Collection entries
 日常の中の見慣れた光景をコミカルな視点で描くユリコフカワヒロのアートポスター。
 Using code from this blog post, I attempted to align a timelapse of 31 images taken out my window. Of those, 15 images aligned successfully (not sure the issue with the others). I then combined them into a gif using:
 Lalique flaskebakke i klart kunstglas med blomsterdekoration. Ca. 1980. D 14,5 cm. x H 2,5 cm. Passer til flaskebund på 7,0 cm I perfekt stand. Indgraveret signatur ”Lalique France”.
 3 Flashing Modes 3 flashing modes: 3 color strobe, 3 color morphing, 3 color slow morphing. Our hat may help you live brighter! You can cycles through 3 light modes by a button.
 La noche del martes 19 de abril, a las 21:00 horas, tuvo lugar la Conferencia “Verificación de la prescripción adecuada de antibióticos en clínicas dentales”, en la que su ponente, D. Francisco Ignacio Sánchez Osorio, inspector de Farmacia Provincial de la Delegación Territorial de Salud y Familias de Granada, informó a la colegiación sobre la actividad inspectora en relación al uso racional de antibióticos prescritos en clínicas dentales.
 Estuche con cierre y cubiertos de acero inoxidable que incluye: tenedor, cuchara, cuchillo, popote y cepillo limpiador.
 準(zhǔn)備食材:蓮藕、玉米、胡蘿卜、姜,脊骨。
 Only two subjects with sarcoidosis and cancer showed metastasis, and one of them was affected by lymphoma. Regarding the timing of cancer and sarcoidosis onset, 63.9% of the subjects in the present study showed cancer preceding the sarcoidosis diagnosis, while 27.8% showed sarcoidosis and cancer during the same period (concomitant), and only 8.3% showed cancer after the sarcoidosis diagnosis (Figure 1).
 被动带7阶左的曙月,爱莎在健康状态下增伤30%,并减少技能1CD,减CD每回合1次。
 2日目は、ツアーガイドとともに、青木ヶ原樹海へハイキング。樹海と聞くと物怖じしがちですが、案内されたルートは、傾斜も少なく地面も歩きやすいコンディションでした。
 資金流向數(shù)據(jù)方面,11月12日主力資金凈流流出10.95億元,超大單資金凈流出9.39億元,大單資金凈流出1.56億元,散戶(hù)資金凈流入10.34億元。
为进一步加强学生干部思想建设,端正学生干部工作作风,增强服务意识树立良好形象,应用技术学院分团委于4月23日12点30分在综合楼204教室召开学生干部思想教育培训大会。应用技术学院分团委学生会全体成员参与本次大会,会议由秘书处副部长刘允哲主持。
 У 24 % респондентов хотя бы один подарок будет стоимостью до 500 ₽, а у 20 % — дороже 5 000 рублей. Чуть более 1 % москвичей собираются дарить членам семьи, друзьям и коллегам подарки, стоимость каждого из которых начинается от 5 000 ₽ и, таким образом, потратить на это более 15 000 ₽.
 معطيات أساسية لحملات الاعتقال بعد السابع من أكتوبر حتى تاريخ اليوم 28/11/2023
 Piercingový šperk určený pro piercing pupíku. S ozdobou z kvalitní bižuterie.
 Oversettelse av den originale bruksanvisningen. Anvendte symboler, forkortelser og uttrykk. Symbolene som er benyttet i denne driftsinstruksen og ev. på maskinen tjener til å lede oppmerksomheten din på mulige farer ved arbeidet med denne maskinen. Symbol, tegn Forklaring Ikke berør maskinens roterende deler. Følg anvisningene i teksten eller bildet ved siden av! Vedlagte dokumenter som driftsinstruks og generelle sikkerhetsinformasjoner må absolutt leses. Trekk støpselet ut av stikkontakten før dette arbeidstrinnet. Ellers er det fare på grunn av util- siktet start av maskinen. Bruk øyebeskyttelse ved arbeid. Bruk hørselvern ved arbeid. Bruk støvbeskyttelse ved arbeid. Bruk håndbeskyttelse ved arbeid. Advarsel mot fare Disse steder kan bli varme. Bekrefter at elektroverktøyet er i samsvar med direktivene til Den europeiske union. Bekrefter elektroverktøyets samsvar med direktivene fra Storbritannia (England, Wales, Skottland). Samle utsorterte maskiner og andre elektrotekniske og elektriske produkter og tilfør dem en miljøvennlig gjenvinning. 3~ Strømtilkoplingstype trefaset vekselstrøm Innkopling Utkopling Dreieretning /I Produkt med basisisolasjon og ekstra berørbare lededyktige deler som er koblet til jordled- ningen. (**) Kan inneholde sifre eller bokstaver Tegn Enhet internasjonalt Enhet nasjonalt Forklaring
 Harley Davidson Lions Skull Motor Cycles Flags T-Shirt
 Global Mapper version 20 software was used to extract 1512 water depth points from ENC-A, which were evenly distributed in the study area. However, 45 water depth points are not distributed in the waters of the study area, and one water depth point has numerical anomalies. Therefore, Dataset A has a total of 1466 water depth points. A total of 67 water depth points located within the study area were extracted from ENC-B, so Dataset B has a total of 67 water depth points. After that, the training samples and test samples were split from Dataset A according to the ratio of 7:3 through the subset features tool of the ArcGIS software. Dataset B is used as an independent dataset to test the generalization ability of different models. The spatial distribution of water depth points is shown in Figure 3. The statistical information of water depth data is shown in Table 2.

Problem: Once more, write out the entries exactly as they were written.

Answer to this exercise:
 日常の中の見慣れた光景をコミカルな視点で描くユリコフカワヒロのアートポスター。
 Using code from this blog post, I attempted to align a timelapse of 31 images taken out my window. Of those, 15 images aligned successfully (not sure the issue with the others). I then combined them into a gif using:
 Lalique flaskebakke i klart kunstglas med blomsterdekoration. Ca. 1980. D 14,5 cm. x H 2,5 cm. Passer til flaskebund på 7,0 cm I perfekt stand. Indgraveret signatur ”Lalique France”.
 3 Flashing Modes 3 flashing modes: 3 color strobe, 3 color morphing, 3 color slow morphing. Our hat may help you live brighter! You can cycles through 3 light modes by a button.
 La noche del martes 19 de abril, a las 21:00 horas, tuvo lugar la Conferencia “Verificación de la prescripción adecuada de antibióticos en clínicas dentales”, en la que su ponente, D. Francisco Ignacio Sánchez Osorio, inspector de Farmacia Provincial de la Delegación Territorial de Salud y Familias de Granada, informó a la colegiación sobre la actividad inspectora en relación al uso racional de antibióticos prescritos en clínicas dentales.
 Estuche con cierre y cubiertos de acero inoxidable que incluye: tenedor, cuchara, cuchillo, popote y cepillo limpiador.
 準(zhǔn)備食材:蓮藕、玉米、胡蘿卜、姜,脊骨。
 Only two subjects with sarcoidosis and cancer showed metastasis, and one of them was affected by lymphoma. Regarding the timing of cancer and sarcoidosis onset, 63.9% of the subjects in the present study showed cancer preceding the sarcoidosis diagnosis, while 27.8% showed sarcoidosis and cancer during the same period (concomitant), and only 8.3% showed cancer after the sarcoidosis diagnosis (Figure 1).
 被动带7阶左的曙月,爱莎在健康状态下增伤30%,并减少技能1CD,减CD每回合1次。
 2日目は、ツアーガイドとともに、青木ヶ原樹海へハイキング。樹海と聞くと物怖じしがちですが、案内されたルートは、傾斜も少なく地面も歩きやすいコンディションでした。
 資金流向數(shù)據(jù)方面,11月12日主力資金凈流流出10.95億元,超大單資金凈流出9.39億元,大單資金凈流出1.56億元,散戶(hù)資金凈流入10.34億元。
为进一步加强学生干部思想建设,端正学生干部工作作风,增强服务意识树立良好形象,应用技术学院分团委于4月23日12点30分在综合楼204教室召开学生干部思想教育培训大会。应用技术学院分团委学生会全体成员参与本次大会,会议由秘书处副部长刘允哲主持。
 У 24 % респондентов хотя бы один подарок будет стоимостью до 500 ₽, а у 20 % — дороже 5 000 рублей. Чуть более 1 % москвичей собираются дарить членам семьи, друзьям и коллегам подарки, стоимость каждого из которых начинается от 5 000 ₽ и, таким образом, потратить на это более 15 000 ₽.
 معطيات أساسية لحملات الاعتقال بعد السابع من أكتوبر حتى تاريخ اليوم 28/11/2023
 Piercingový šperk určený pro piercing pupíku. S ozdobou z kvalitní bižuterie.
 Oversettelse av den originale bruksanvisningen. Anvendte symboler, forkortelser og uttrykk. Symbolene som er benyttet i denne driftsinstruksen og ev. på maskinen tjener til å lede oppmerksomheten din på mulige farer ved arbeidet med denne maskinen. Symbol, tegn Forklaring Ikke berør maskinens roterende deler. Følg anvisningene i teksten eller bildet ved siden av! Vedlagte dokumenter som driftsinstruks og generelle sikkerhetsinformasjoner må absolutt leses. Trekk støpselet ut av stikkontakten før dette arbeidstrinnet. Ellers er det fare på grunn av util- siktet start av maskinen. Bruk øyebeskyttelse ved arbeid. Bruk hørselvern ved arbeid. Bruk støvbeskyttelse ved arbeid. Bruk håndbeskyttelse ved arbeid. Advarsel mot fare Disse steder kan bli varme. Bekrefter at elektroverktøyet er i samsvar med direktivene til Den europeiske union. Bekrefter elektroverktøyets samsvar med direktivene fra Storbritannia (England, Wales, Skottland). Samle utsorterte maskiner og andre elektrotekniske og elektriske produkter og tilfør dem en miljøvennlig gjenvinning. 3~ Strømtilkoplingstype trefaset vekselstrøm Innkopling Utkopling Dreieretning /I Produkt med basisisolasjon og ekstra berørbare lededyktige deler som er koblet til jordled- ningen. (**) Kan inneholde sifre eller bokstaver Tegn Enhet internasjonalt Enhet nasjonalt Forklaring
 Harley Davidson Lions Skull Motor Cycles Flags T-Shirt
 Global Mapper version 20 software was used to extract 1512 water depth points from ENC-A, which were evenly distributed in the study area. However, 45 water depth points are not distributed in the waters of the study area, and one water depth point has numerical anomalies. Therefore, Dataset A has a total of 1466 water depth points. A total of 67 water depth points located within the study area were extracted from ENC-B, so Dataset B has a total of 67 water depth points. After that, the training samples and test samples were split from Dataset A according to the ratio of 7:3 through the subset features tool of the ArcGIS software. Dataset B is used as an independent dataset to test the generalization ability of different models. The spatial distribution of water depth points is shown in Figure 3. The statistical information of water depth data is shown in Table 2.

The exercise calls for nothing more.